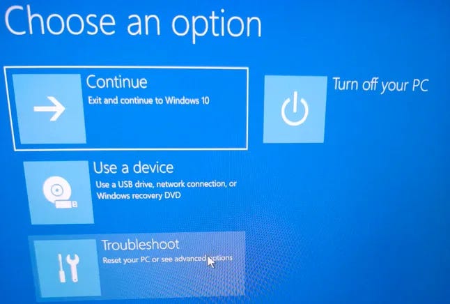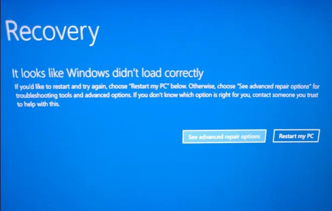 Since we were stuck at login, I triggered Windows Recovery by forcing shutdown three times in a row. That’s actually a built-in behavior: Windows detects repeated failed boots and loads the recovery environment.
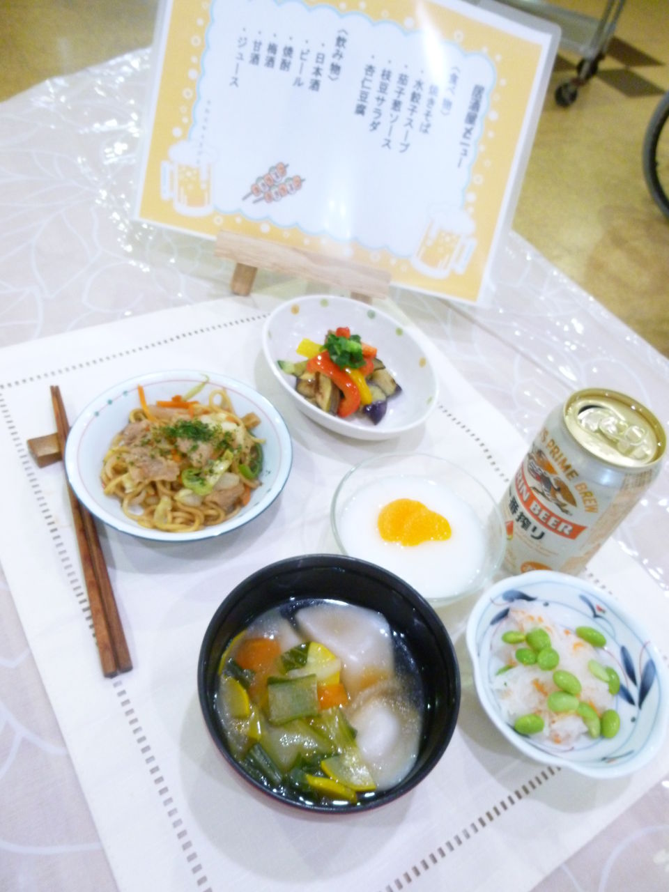 今回は焼きそば、水餃子、茄子の葱ソース、枝豆サラダ、杏仁豆腐を召し上がっていただきました。
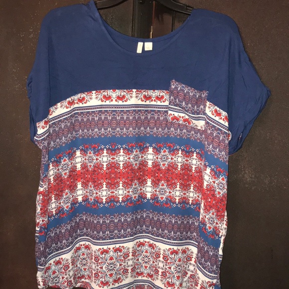 Bottom of blouse is a float silky material. Good condition. No flaws.
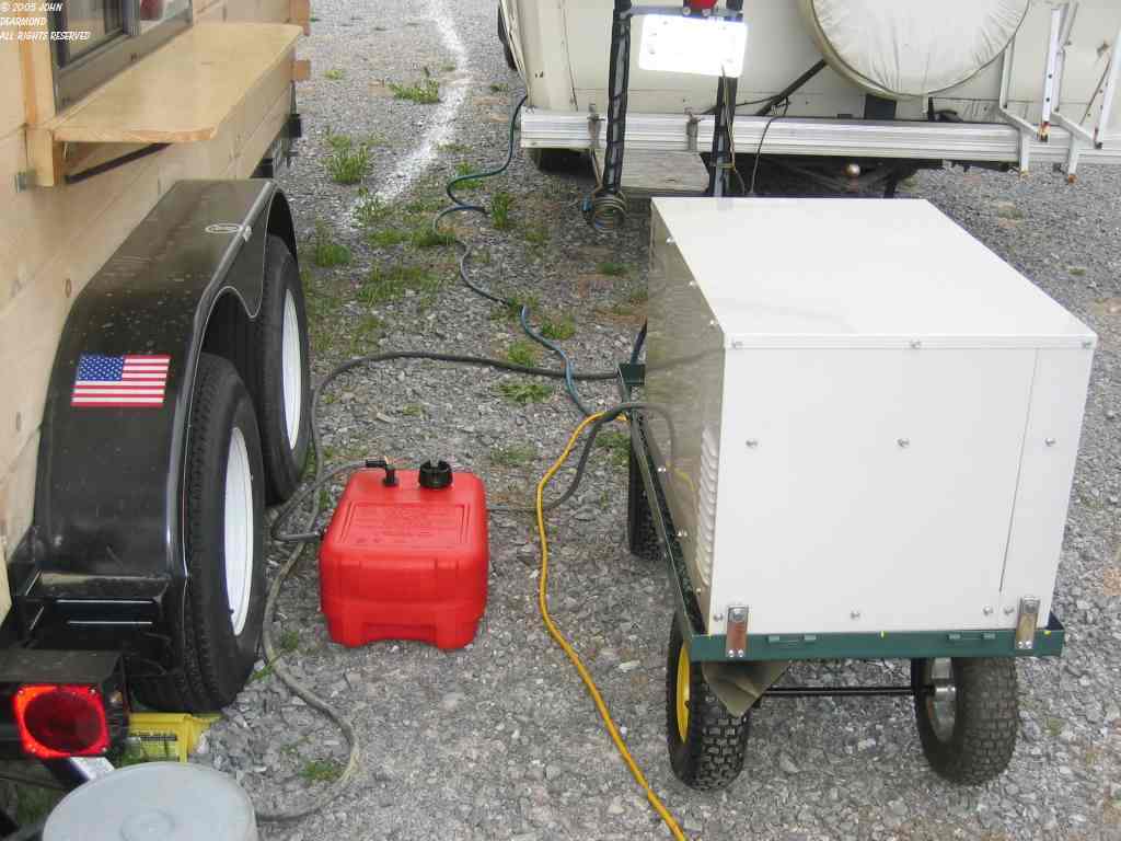 This Generator is for sale. It is a little different than the photos show in that the cheap pneumatic tires have been replaced with industrial castors and, of course, it shows a bit more wear and tear. This is the quietest generator of its size on the market. Leave it mounted on the cart and use it for stuff like home standby power or take it off and mount it in your RV. It is wired to supply 120/240 volts for standby power service. It can be rewired (I can do it for you if you like) for 120 volt only service for RV use or if you only need 120 volts. As you can see in this photo, the generator is set up to draw fuel from outboard motor fuel tanks. That way one doesn't have to mess with gas cans and pouring gasoline. Just unhook one tank when it's empty and connect another. This generator comes with three such tanks. $1000.00Location: Tellico Plains Shippable: NO. I will deliver within a 50 mile radius of Tellico Plains for an additional $100. I have a lift-gate truck so unloading will be no problem. Note: Needs new cranking battery. It comes with a paper copy of the owner's manual and a PDF of the service manual. Mobil 1 oil used exclusively. Terms: I deal only in cash or through a friend, PayPal. I do not and will not have a PayPal account so my friend handles that for me. For items that have to be picked up, cash is the preferable form of payment. No certified checks or other instruments accepted. Payment must be made in full before the item can be moved. Items sold as-is, where-is. No warranty expressed or implied. You may examine the item as much as you like and may have an expert examine it for defects. But once you buy it, it's yours with no warranty. First come, first served - the first person with the cash gets the goodies. If you want the item but cannot immediately come up with the cash, a deposit ($200 in this case) will hold the item for one week (7 days). The deposit is non-refundable. The deposit can be made through my friend's PayPal account or you can bring it to me. I have a bad back and bad knees so I will be of little help in loading this item. Plan on bringing a friend. I have hand trucks, dollies and other moving equipment; I simply cannot operate them anymore.
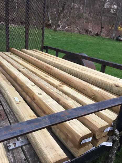 Estamos preparados para construir la pared y la valla comprando 80 maderas de jardín cuando estaban a la venta por menos de $2.00 pieza. Son aproximadamente 3 "x 4" x 8'.
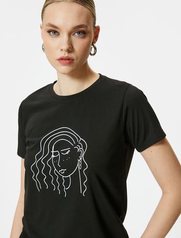 Kısa Kollu Tişört Bisiklet Yaka Nakışlı Pamuklu Sepete Ekle
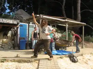 - 10/29/08 - Last day of work. Secured log retaining wall with wire and screws. Made a gravel walkway along herb bed. We finished the earthship retaining wall, that is also part of a garden bed for herbs. Decorative plants can be grown in the soil inside the tires in the earthship wall. CCAT is building a rainwater catchment system and we incorporated the tank into our wall. The herbs when they are planted will have water conveniently available. Yay!
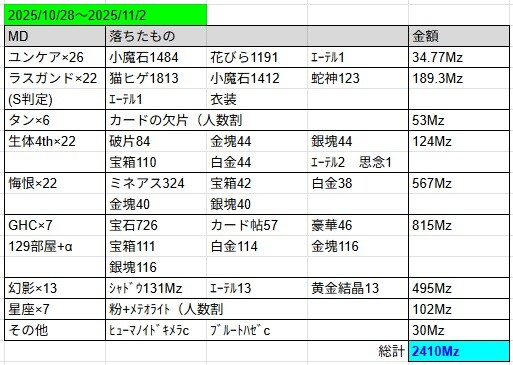 今週も地道にユンケア26周、ラスガンド22周、タン6周、生体4th22周、悔恨22周、GHC4th全部屋7周、幻影13周、星座7周で2.41Gz。来週も頑張りましょう。
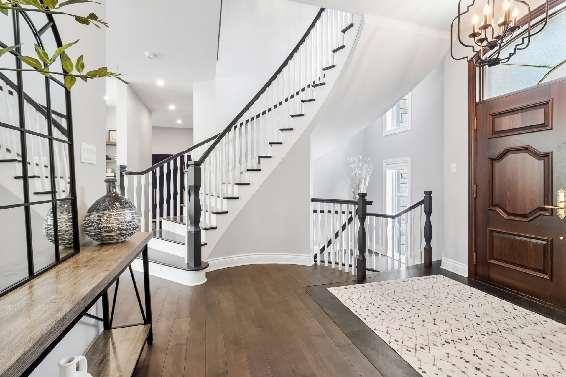 Fontainebleau |Exceptional 3-storey home on a private corner lot, just steps from the prestigious Club de golf Rosemère Fontainebleau. This turnkey property offers 4 spacious bedrooms upstairs, an immense modern kitchen, a dedicated laundry room and impressive ceiling heights: 9'11" on the main floor, 8'11" on the second, and 7'8" in the finished basement. The basement includes 2 additional bedrooms, a home office, a versatile room with plumbing rough-in, and a separate entrance--ideal for guests, extended family, or a future suite. Enjoy 3 full bathrooms (including 2 with heated floors) plus a convenient powder room.
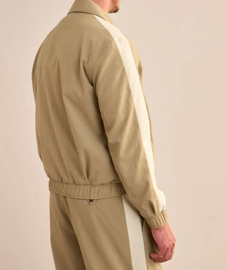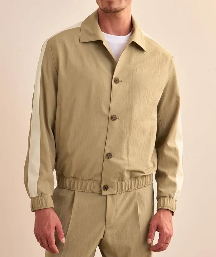 - Elevate your everyday wardrobe with this versatile bomber jacket. The relaxed fit drapes effortlessly on the body, while the distinctive side stripe panel creates a striking visual statement. Finished with button and pocket details, this jacket seamlessly transitions from day to evening.
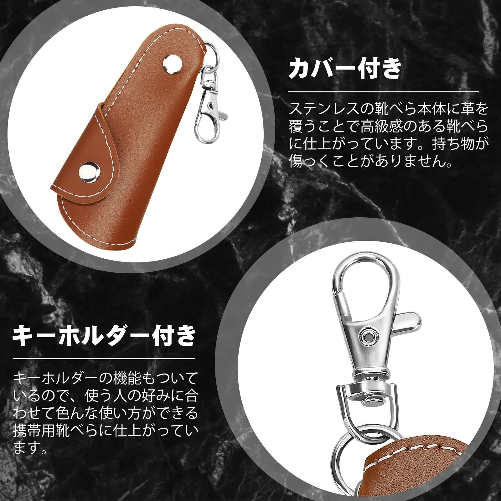 [ZOMAKE] 靴べら シューホーン ミニ PUカバー キーホルダー付き ステンレス製 おしゃれ 短い 耐用 携帯用 男性、女性、子供、高齢者用
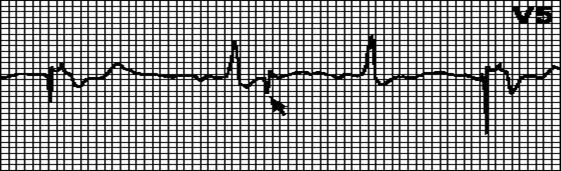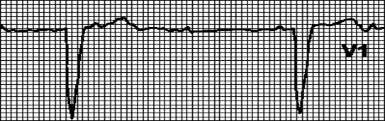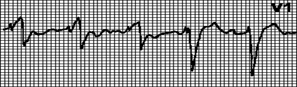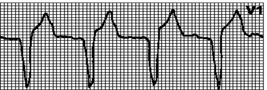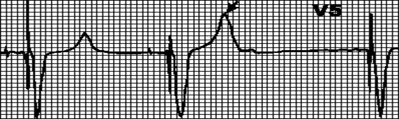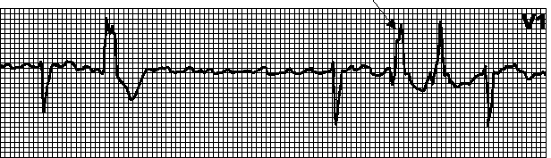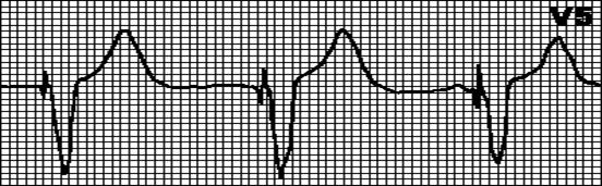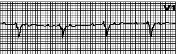 Внеочередной, широкий (> 0,12”), деформированный комплекс QRS. Сегмент ST и зубец T дискордантны комплексу QRS.
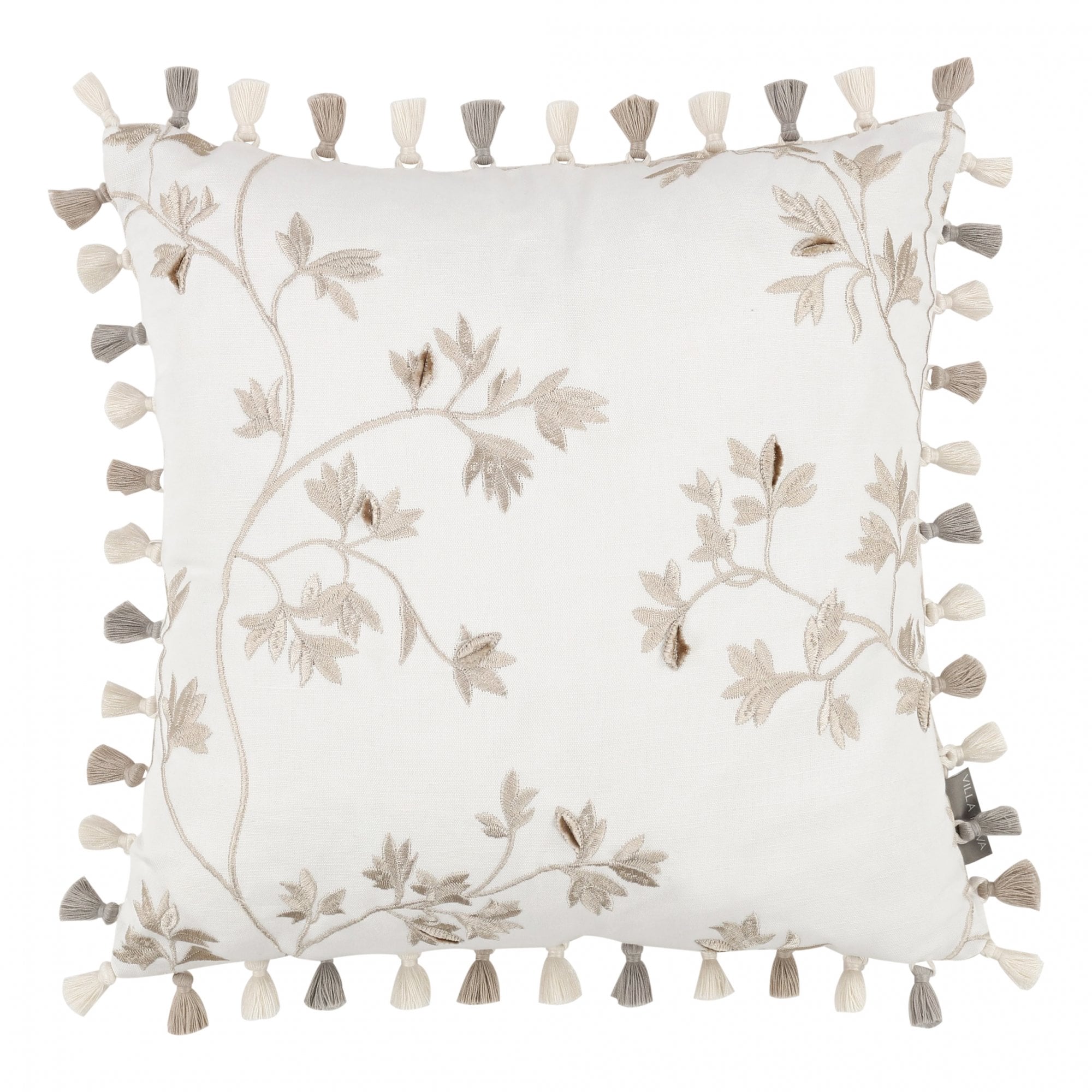 Featuring a rambling leaf embroidery design, this elegant cushion is backed in coordinating velvet and finished with a charming tufty braid, providing a desirable, modern twist.
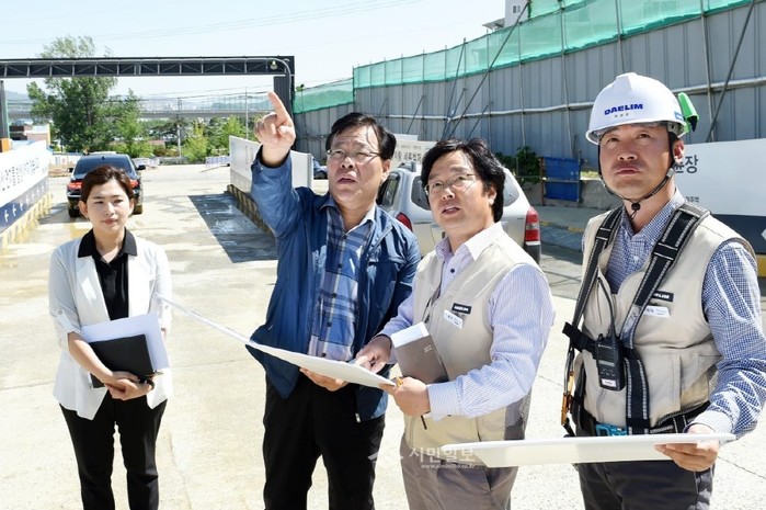 경기 광주시가 최근 풍수해 피해를 예방하기 위해 시 관리 시설물 및 공사장 등 753곳을 대상으로 사전 안전점검을 실시했다. 사진은 박덕순 광주시 부시장(왼쪽에서 두번째)이 현장에서 관계자들과 함께 점검을 진행하고 있는 모습. (사진제공=광주시청)
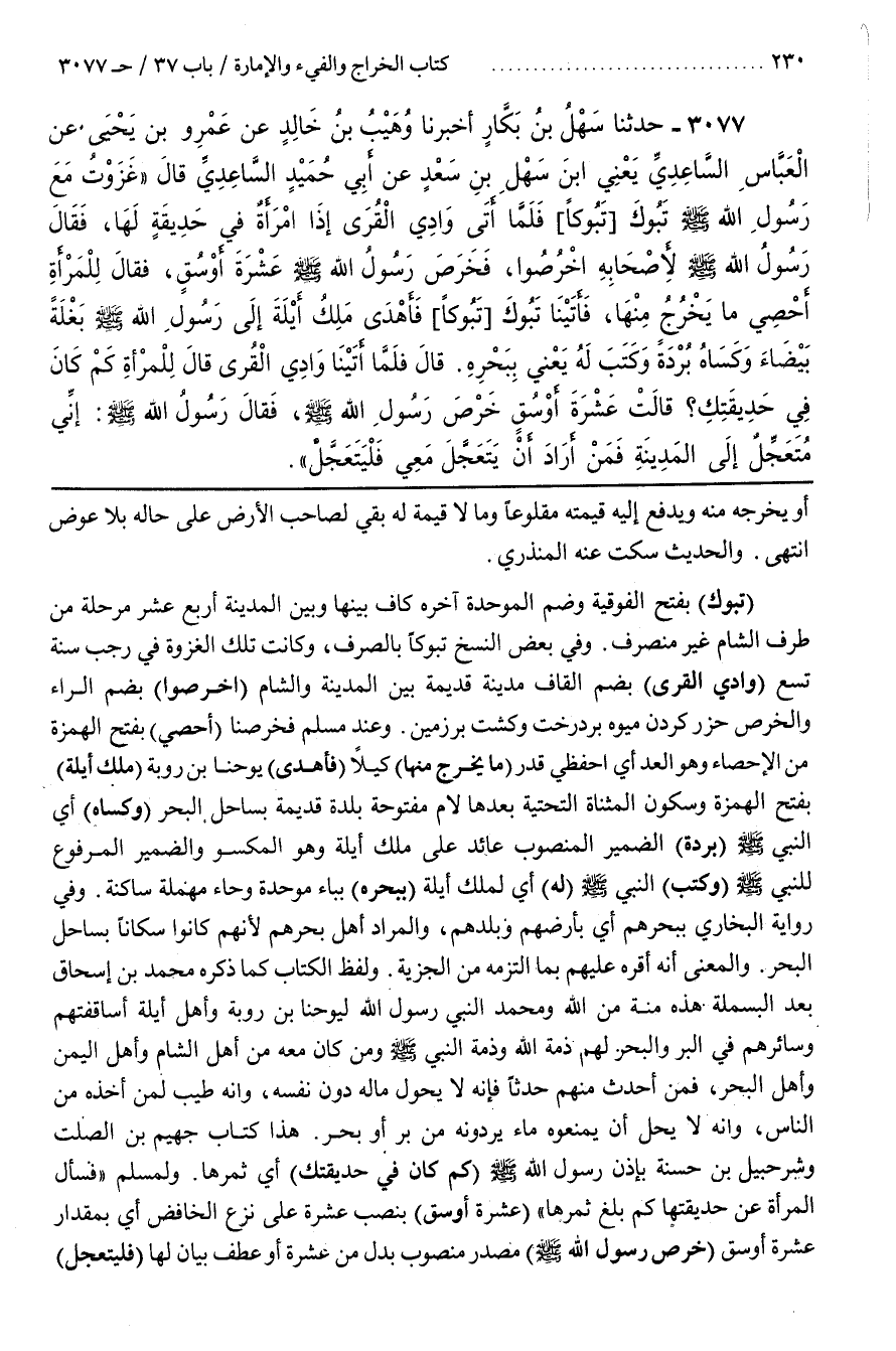 وَفِي بَعْضِ النُّسَخِ تَبُوكًا بِالصَّرْفِ وَكَانَتْ تِلْكَ الْغَزْوَةُ فِي رَجَبٍ سَنَةَ تِسْعٍ (وَادِي الْقُرَى) بِضَمِّ الْقَافِ مَدِينَةً قَدِيمَةً بَيْنَ الْمَدِينَةِ وَالشَّامِ (اخْرُصُوا) بِضَمِّ الرَّاءِ وَالْخَرْصِ حزر كردن ميوه بردرخت وكشت برزمين
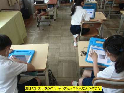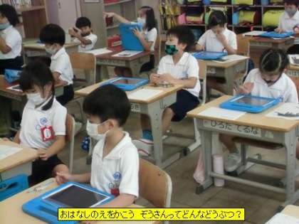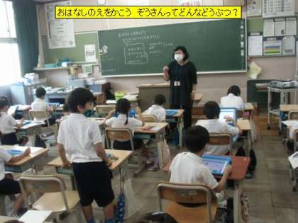 図工 おはなしのえをかこう ぞうさんってどんなどうぶつ?(1年2組)

How to complete this task » In the copy, leave out the pictures and restate the records exactly.

The completed task »
 Since we were stuck at login, I triggered Windows Recovery by forcing shutdown three times in a row. That’s actually a built-in behavior: Windows detects repeated failed boots and loads the recovery environment.
 今回は焼きそば、水餃子、茄子の葱ソース、枝豆サラダ、杏仁豆腐を召し上がっていただきました。
 Bottom of blouse is a float silky material. Good condition. No flaws.
 This Generator is for sale. It is a little different than the photos show in that the cheap pneumatic tires have been replaced with industrial castors and, of course, it shows a bit more wear and tear. This is the quietest generator of its size on the market. Leave it mounted on the cart and use it for stuff like home standby power or take it off and mount it in your RV. It is wired to supply 120/240 volts for standby power service. It can be rewired (I can do it for you if you like) for 120 volt only service for RV use or if you only need 120 volts. As you can see in this photo, the generator is set up to draw fuel from outboard motor fuel tanks. That way one doesn't have to mess with gas cans and pouring gasoline. Just unhook one tank when it's empty and connect another. This generator comes with three such tanks. $1000.00Location: Tellico Plains Shippable: NO. I will deliver within a 50 mile radius of Tellico Plains for an additional $100. I have a lift-gate truck so unloading will be no problem. Note: Needs new cranking battery. It comes with a paper copy of the owner's manual and a PDF of the service manual. Mobil 1 oil used exclusively. Terms: I deal only in cash or through a friend, PayPal. I do not and will not have a PayPal account so my friend handles that for me. For items that have to be picked up, cash is the preferable form of payment. No certified checks or other instruments accepted. Payment must be made in full before the item can be moved. Items sold as-is, where-is. No warranty expressed or implied. You may examine the item as much as you like and may have an expert examine it for defects. But once you buy it, it's yours with no warranty. First come, first served - the first person with the cash gets the goodies. If you want the item but cannot immediately come up with the cash, a deposit ($200 in this case) will hold the item for one week (7 days). The deposit is non-refundable. The deposit can be made through my friend's PayPal account or you can bring it to me. I have a bad back and bad knees so I will be of little help in loading this item. Plan on bringing a friend. I have hand trucks, dollies and other moving equipment; I simply cannot operate them anymore.
 Estamos preparados para construir la pared y la valla comprando 80 maderas de jardín cuando estaban a la venta por menos de $2.00 pieza. Son aproximadamente 3 "x 4" x 8'.
 Kısa Kollu Tişört Bisiklet Yaka Nakışlı Pamuklu Sepete Ekle
 - 10/29/08 - Last day of work. Secured log retaining wall with wire and screws. Made a gravel walkway along herb bed. We finished the earthship retaining wall, that is also part of a garden bed for herbs. Decorative plants can be grown in the soil inside the tires in the earthship wall. CCAT is building a rainwater catchment system and we incorporated the tank into our wall. The herbs when they are planted will have water conveniently available. Yay!
 今週も地道にユンケア26周、ラスガンド22周、タン6周、生体4th22周、悔恨22周、GHC4th全部屋7周、幻影13周、星座7周で2.41Gz。来週も頑張りましょう。
 Fontainebleau |Exceptional 3-storey home on a private corner lot, just steps from the prestigious Club de golf Rosemère Fontainebleau. This turnkey property offers 4 spacious bedrooms upstairs, an immense modern kitchen, a dedicated laundry room and impressive ceiling heights: 9'11" on the main floor, 8'11" on the second, and 7'8" in the finished basement. The basement includes 2 additional bedrooms, a home office, a versatile room with plumbing rough-in, and a separate entrance--ideal for guests, extended family, or a future suite. Enjoy 3 full bathrooms (including 2 with heated floors) plus a convenient powder room.
 - Elevate your everyday wardrobe with this versatile bomber jacket. The relaxed fit drapes effortlessly on the body, while the distinctive side stripe panel creates a striking visual statement. Finished with button and pocket details, this jacket seamlessly transitions from day to evening.
 [ZOMAKE] 靴べら シューホーン ミニ PUカバー キーホルダー付き ステンレス製 おしゃれ 短い 耐用 携帯用 男性、女性、子供、高齢者用
 Внеочередной, широкий (> 0,12”), деформированный комплекс QRS. Сегмент ST и зубец T дискордантны комплексу QRS.
 Featuring a rambling leaf embroidery design, this elegant cushion is backed in coordinating velvet and finished with a charming tufty braid, providing a desirable, modern twist.
 경기 광주시가 최근 풍수해 피해를 예방하기 위해 시 관리 시설물 및 공사장 등 753곳을 대상으로 사전 안전점검을 실시했다. 사진은 박덕순 광주시 부시장(왼쪽에서 두번째)이 현장에서 관계자들과 함께 점검을 진행하고 있는 모습. (사진제공=광주시청)
 وَفِي بَعْضِ النُّسَخِ تَبُوكًا بِالصَّرْفِ وَكَانَتْ تِلْكَ الْغَزْوَةُ فِي رَجَبٍ سَنَةَ تِسْعٍ (وَادِي الْقُرَى) بِضَمِّ الْقَافِ مَدِينَةً قَدِيمَةً بَيْنَ الْمَدِينَةِ وَالشَّامِ (اخْرُصُوا) بِضَمِّ الرَّاءِ وَالْخَرْصِ حزر كردن ميوه بردرخت وكشت برزمين
 図工 おはなしのえをかこう ぞうさんってどんなどうぶつ?(1年2組)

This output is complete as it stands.